Entering the Studio 2880 gallery, the viewers stare in wonder at the sculptures there and wonder if they've ever seen anything like them.
The artist knows they haven't. Vivian Martin self-taught herself in the techniques she uses to make the eye gripping figures now on display at the community showroom. She learned many of the underlying artistic principals from other artists, or from research, but the whole combination is hers alone.
It starts with wire being twisted and shaped into vague forms. That's an old process. It then moves to bits of fabric being dipped, painted or sprayed with a stiffening agent. Again, not new. But the shaping of that fabric into scenes, and the adding of colour and props, that is as individual as is Martin. The figures take on a personality - a tone that fits somewhere between Tim Burton and The Wizard Of Oz.
Although these figures are only about the size of a ketchup bottle (but some are tiny and some are tall), each takes Martin about a month to make. A lot of that is drying time after multiple applications of the hardening chemicals and the paint. Some of it is imagination time as she builds the mental image before beginning the physical process.

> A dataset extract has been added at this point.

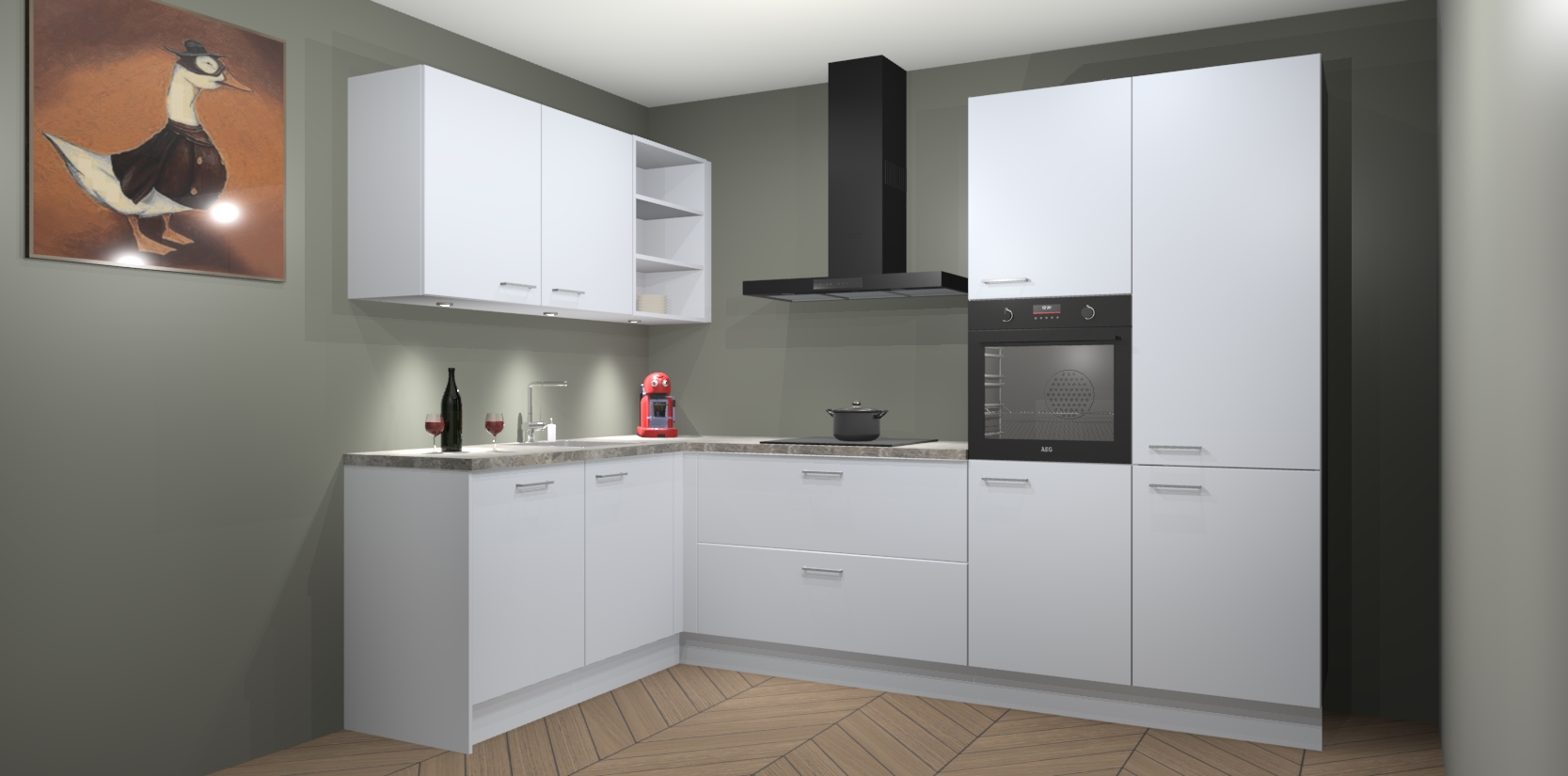De Sneeuwwitte keuken Cognac is een adembenemend ontwerp met een modern en tijdloos uiterlijk. Deze luxe keuken straalt echt aristocratisch uit, waardoor uw koken plezieriger zal worden! Het prachtige design begint bij de hoekkeuken, wat perfect past bij elk type interieur. Bovendien bevat deze hoogwaardige set vijf inbouwapparaten - van oven tot koelkast - die via bestelling naar AEG geüpgraded kunnen worden!

It is probably an asset, she thinks, that before becoming this unique kind of artist she was first a photographer, a jewelry maker, and other genres. She already had a sense of composition, rendering mental images into tactile form, and working with her hands. Part of the challenge is, she has to arrange her vision for a piece of sculpture into layers, and drape each one in its time, like a Ukrainian Easter egg painter has to figure out the layers of colour needed in chronological order to eventually end up with the multicoloured patterns at the end.
"It all has to go somewhere," she said, touching her hands to her head. "I see things, I work them out into these pieces, but I see them as something else."
To give the audience a clue about that additional mental material, each piece comes with a personalized card when purchased. The card contains a story that tells the viewer all the unseen context. The figure of a bride standing on driftwood, looking into the distance, with a yellow ribbon tied to the wood is, in fact, saying goodbye to her newlywed husband, a soldier, who is departing Canada for war. It is a statement on national history and an homage to classical poetry that once would tell in words what she has fashioned into a sculpture.
Each figure has a surreal quality to them, but each one also possesses one non-fabric item that is literal to the scene. A stylized cowboy has an actual sisal-twine rope; an astronaut has a bubble helmet; the longing bride has her yellow ribbon.
These items, and the bits of stiffened cloth that comprise these frozen ghosts, are all bits and pieces, scraps and cuttings, from recycled socks and dish-cloths and clothing. Part of the inspiration Martin feels for this form of art is reusing something that had served out its original purpose.
"Why throw out an interesting piece of fabric, or these little touches I like to include? Why not give it more life, as a piece of art?," she said.
She has been solidifying otherwise pliable materials - thought and fabric alike - for about two years. Her prices reflect her developmental stages of mastering this medium. She is nudging into different kinds of uses for this artistic style, however, like hardening and colouring some common items like a hat or a pair of shoes, doing little more to them than catching them in a moment of time. She makes direct-use art like fabric hardened into decorative scarves for wine bottles, or sleeve boxes for tissues.
"I haven't done anything really big because I'm still interested in the intricate, and I'm still learning how to shape the wire armatures and the fabric," she said. "People ask me all the time 'do you teach this?' and so far I don't because I'm still enjoying the novelty of it myself. But all my other artistic pursuits evolved, and I do sense i'm evolving with this, too."
Although she doesn't teach this process as yet, she does hope to lead other artists into exploring new creative territory, pick up unusual tools, and embrace the unfamiliar. She hopes her exhibition at Studio 2880 will inspire.
"Maybe it isn't about art, but I do hope someone looks at this astronaut and goes 'hmmm' and maybe is inspired to paint an astronaut, but maybe it triggers the mind differently, like reading a book about scuba divers or sparks a desire to become an astronaut. As long as it triggers something," she said.
Her collection is on display in the exhibition entitled Upcycle-Transform-Create, featured in the Studio 2880 gallery until May 8.